Leave out all pictures while you copy the lines exactly from the one with "此前,阿根廷、土耳其、巴西货" through the last line of the listing.

**COLLECTED DATA:**
============================================================
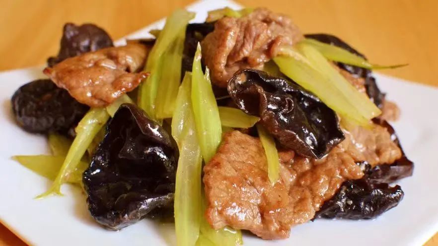 肉卷炒西芹木耳、紫菜蛋花汤
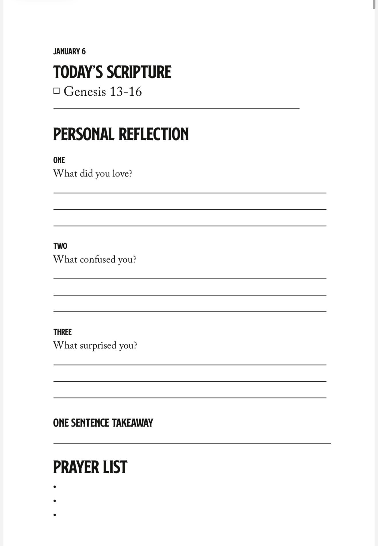 Daily Reflections - There is a simplicity to the daily reflection. The same three questions every day. These questions are structured to help spur your imagination and encourage honesty with the Bible.
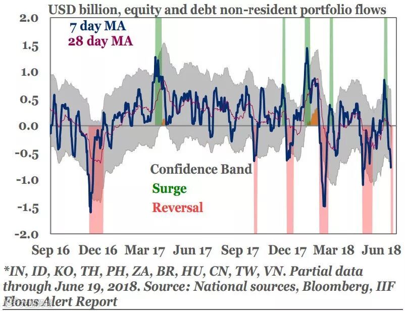 此前,阿根廷、土耳其、巴西货币已经大幅贬值,但是,随着中国新一轮汇率贬值的开启,亚洲新兴市场再度面临压力测试。从下图来看,美元资金在亚洲新兴市场快速退场。
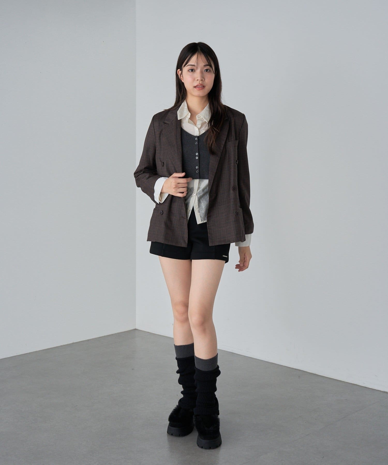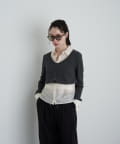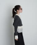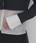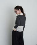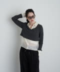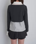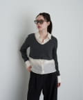 コンパクトなサイズ感で、シャツとレイヤードされているデザインのトップス
============================================================
**RESULT OF THE TASK:**
 此前,阿根廷、土耳其、巴西货币已经大幅贬值,但是,随着中国新一轮汇率贬值的开启,亚洲新兴市场再度面临压力测试。从下图来看,美元资金在亚洲新兴市场快速退场。
 コンパクトなサイズ感で、シャツとレイヤードされているデザインのトップス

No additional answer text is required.